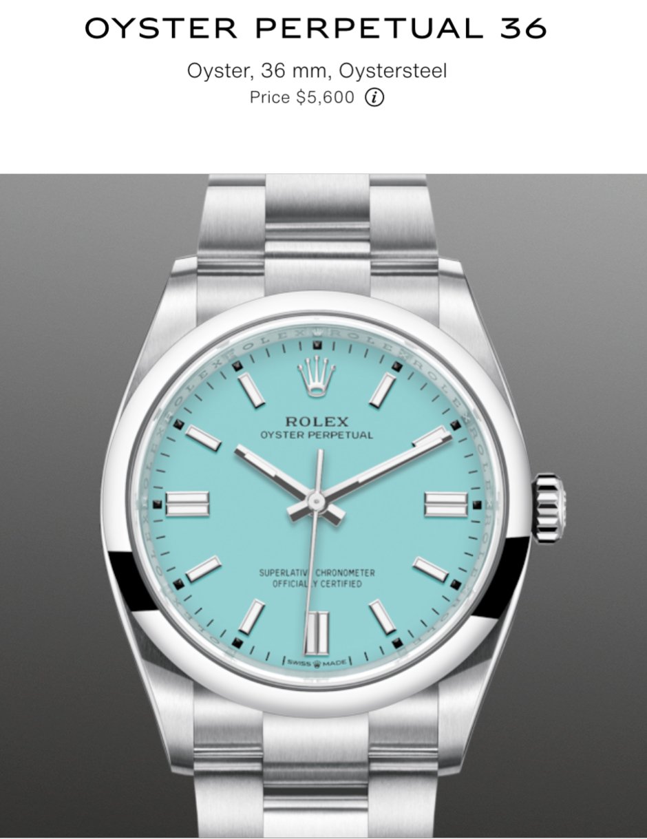 While it isn’t a Daytona or another sport model, these turquoise dialed OPs have gone a little crazy, more so than either the yellow or red dials, and are selling on the secondary market for double the list. The demand for the 41mm version is even crazier, apparently.
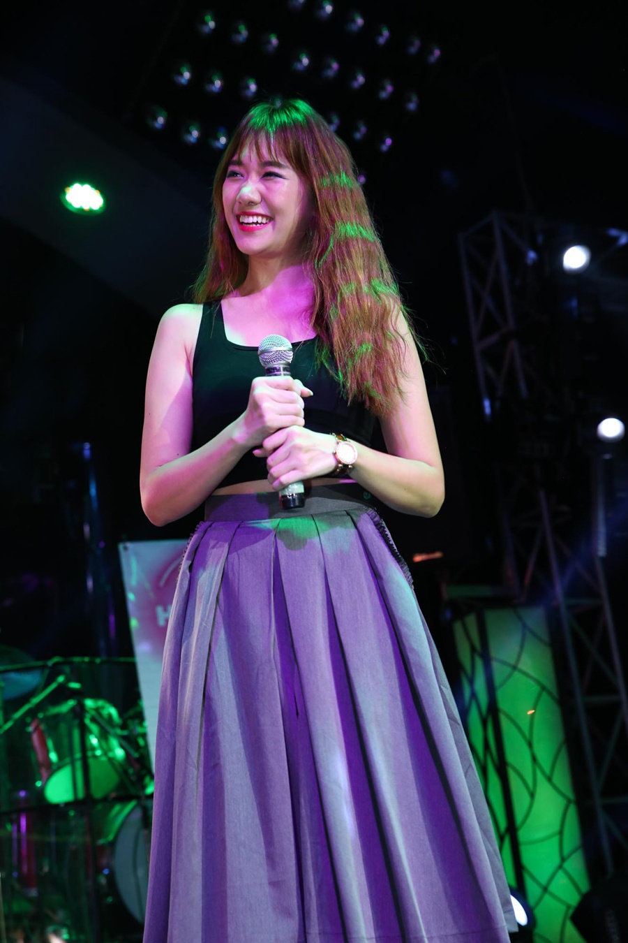 | Trong buổi gặp gỡ fan, nữ ca sĩ đến từ Hàn Quốc diện trang phục đơn giản gắn liền với cô trong suốt thời gian qua. Trên sân khấu, giọng ca 31 tuổi chia sẻ niềm vui cũng như sự cám ơn sâu sắc đối với tình cảm người hâm mộ dành cho cô. |
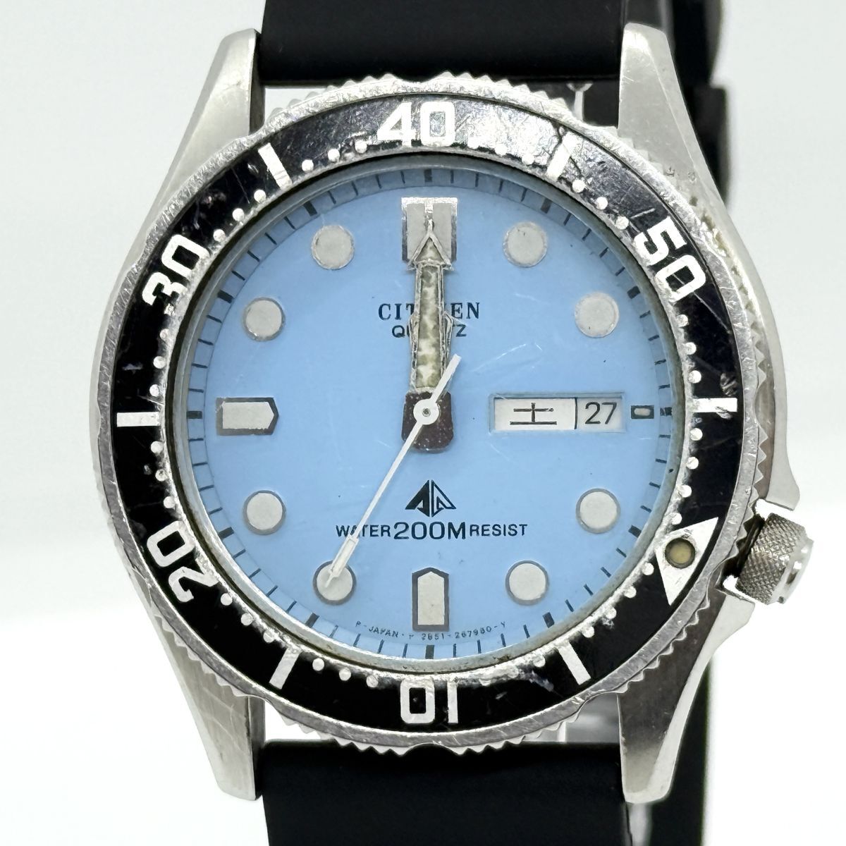 > T7128 希少文字盤 CITIZEN シチズン 時計 ダイバーズ メンズ QZ デイデイト 水色文字盤 2851-262981
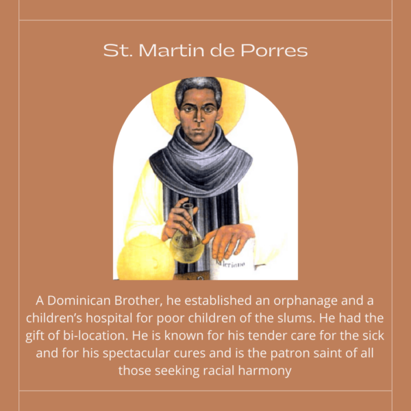 Black Catholic History Month was established in 1990 through the advocacy of the National Black Catholic Clergy Caucus. During the same year, the first celebration of Black Catholic History Month began in November in various cities in the United States with the celebration of St. Martin de Porres’ Feast Day. On November 3rd of that year, a liturgy celebrated the 150th anniversary of St. Martin’s transition to eternal life.
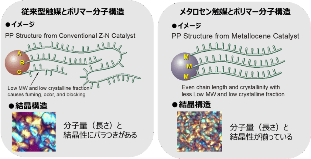 メタロセンPPは、従来のZ-N触媒で製造したPPよりも均一な分子量分布と結晶性を有していることが分かります。
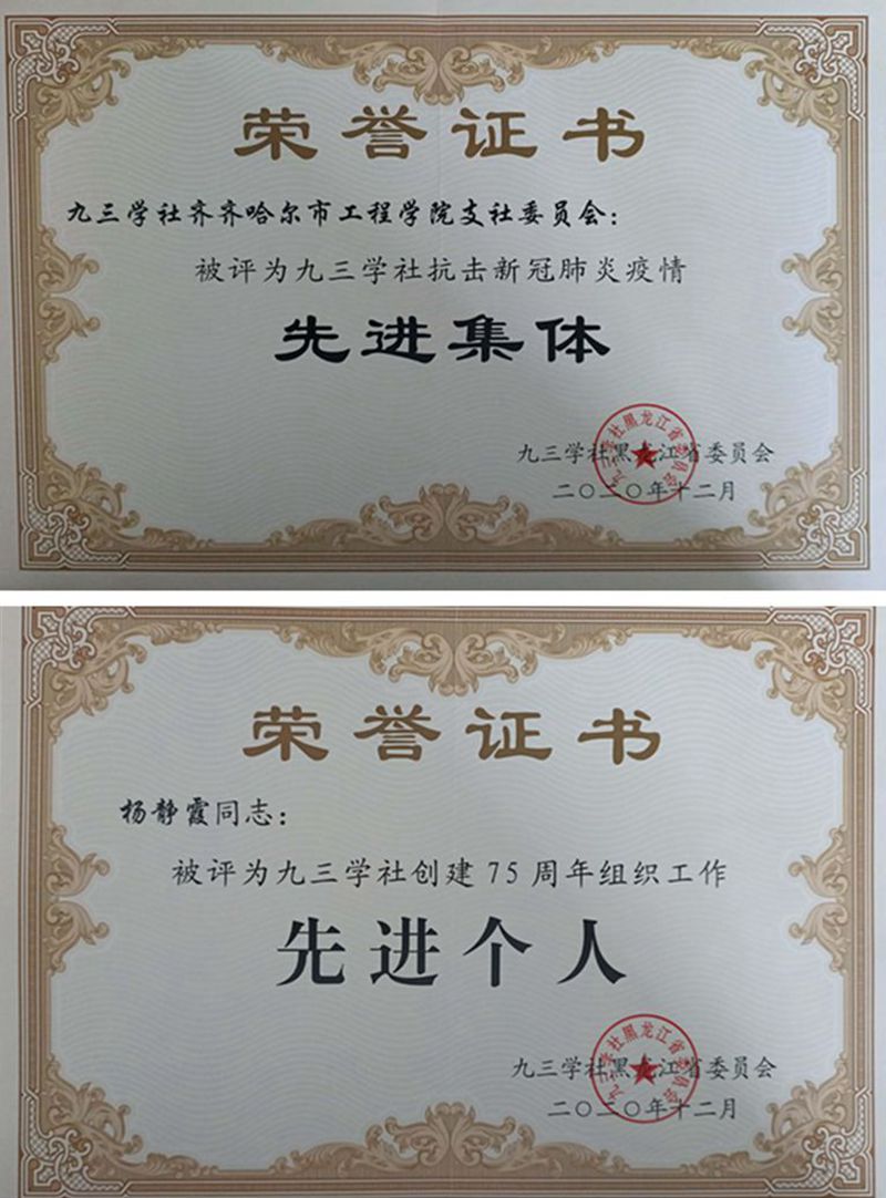 近日,开云官网九三学社支社被九三学社黑龙江省委员会评为九三学社抗击新冠肺炎疫情先进集体,支社主委杨静霞同志被评为九三学社创建75周年组织工作先进个人。 【责任编辑 刘丽】
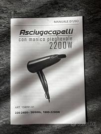 Potente asciugacapelli con manico pieghevole 2200w
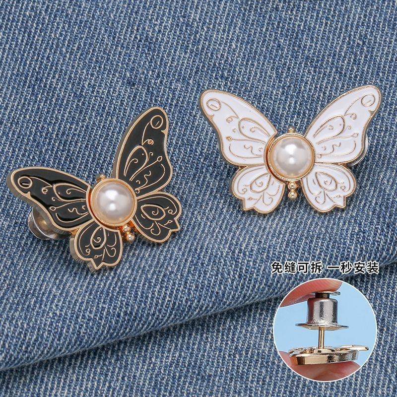パンチなしでウエストを締める蝶ボタン、ジーンズのウエストを小さくする、固定装飾品、パール締めボタン、無料
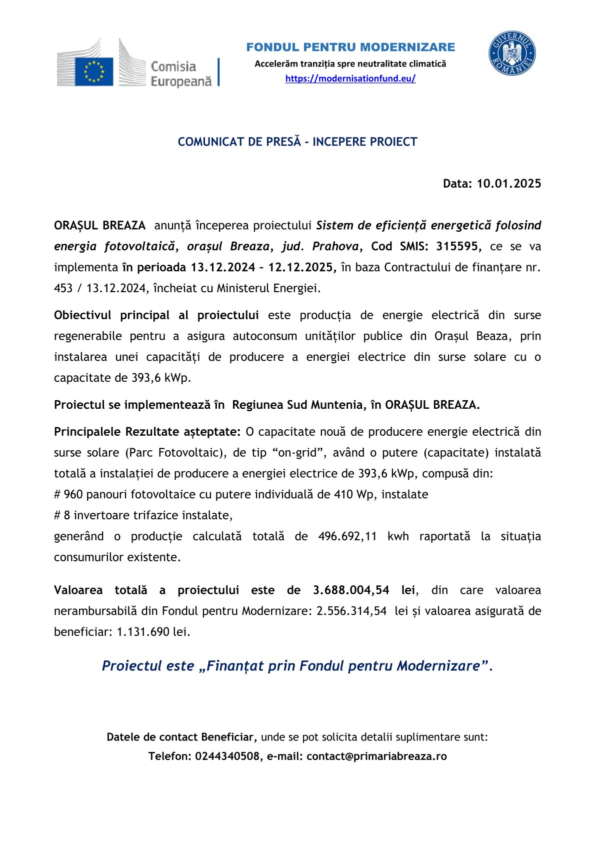 ORAȘUL BREAZA anunță începerea proiectului Sistem de eficiență energetică folosind energia fotovoltaică, orașul Breaza, jud. Prahova, Cod SMIS: 315595, ce se va implementa în perioada 13.12.2024 – 12.12.2025, în baza Contractului de finanțare nr. 453 / 13.12.2024, încheiat cu Ministerul Energiei.
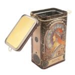 Kaffeburk i plåt med fint Art Nouveau motiv i relief från Alphonse Mucha. Burken har tättslutande lock med gångjärn och rymmer ca 450 gram kaffe. Mått 11x18x7,4 cm (bxhxd). Handdiska och torka noggrant.
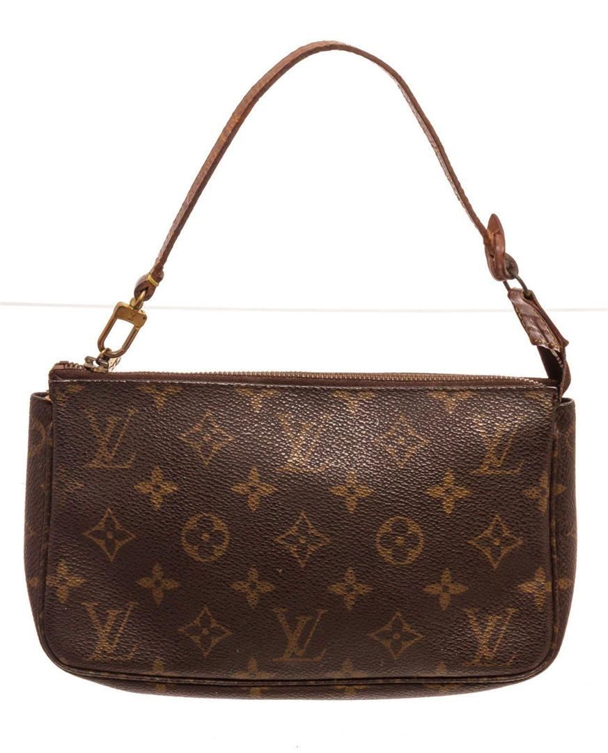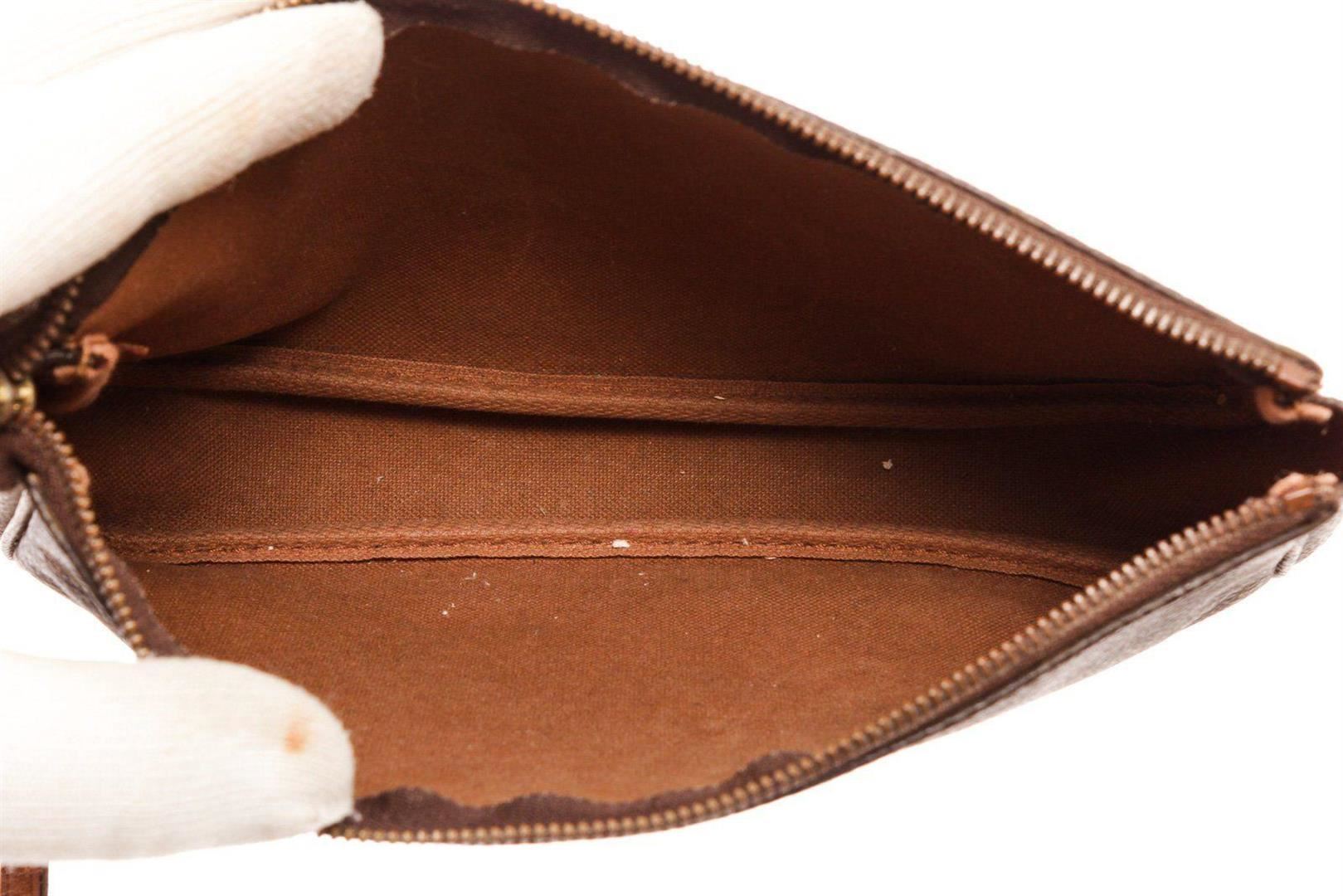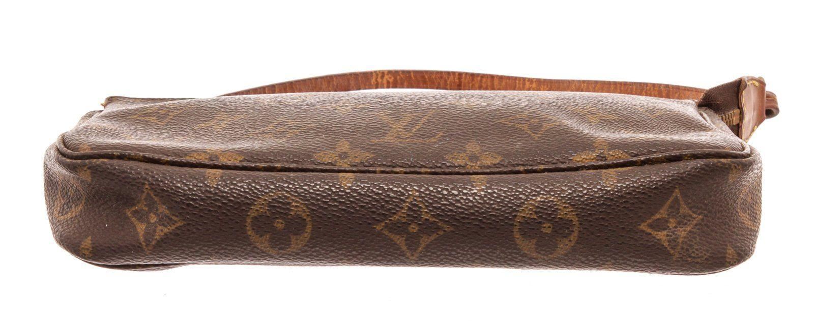 Louis Vuitton Brown Monogram Pochette Clutch Bag with material monogram canvas, gold-tone hardware, trim tan vachetta leather, interior slip pocket, shoulder strap and zipper closure. MEASUREMENTS: Length 4.75 in / 12 cm Width 8.5 in / 22 cm Height 1.25 in / 3 cm Condition: Pre-Owned Good overall, please see photographs for detail.

-=-=-

Exercise:
Please print the span that begins at the line holding "メタロセンPPは、従来のZ-N触媒で製造" and ends at the last line of the data, both ends included, with no pictures.

Answer box:
 メタロセンPPは、従来のZ-N触媒で製造したPPよりも均一な分子量分布と結晶性を有していることが分かります。
 近日,开云官网九三学社支社被九三学社黑龙江省委员会评为九三学社抗击新冠肺炎疫情先进集体,支社主委杨静霞同志被评为九三学社创建75周年组织工作先进个人。 【责任编辑 刘丽】
 Potente asciugacapelli con manico pieghevole 2200w
パンチなしでウエストを締める蝶ボタン、ジーンズのウエストを小さくする、固定装飾品、パール締めボタン、無料
 ORAȘUL BREAZA anunță începerea proiectului Sistem de eficiență energetică folosind energia fotovoltaică, orașul Breaza, jud. Prahova, Cod SMIS: 315595, ce se va implementa în perioada 13.12.2024 – 12.12.2025, în baza Contractului de finanțare nr. 453 / 13.12.2024, încheiat cu Ministerul Energiei.
 Kaffeburk i plåt med fint Art Nouveau motiv i relief från Alphonse Mucha. Burken har tättslutande lock med gångjärn och rymmer ca 450 gram kaffe. Mått 11x18x7,4 cm (bxhxd). Handdiska och torka noggrant.
 Louis Vuitton Brown Monogram Pochette Clutch Bag with material monogram canvas, gold-tone hardware, trim tan vachetta leather, interior slip pocket, shoulder strap and zipper closure. MEASUREMENTS: Length 4.75 in / 12 cm Width 8.5 in / 22 cm Height 1.25 in / 3 cm Condition: Pre-Owned Good overall, please see photographs for detail.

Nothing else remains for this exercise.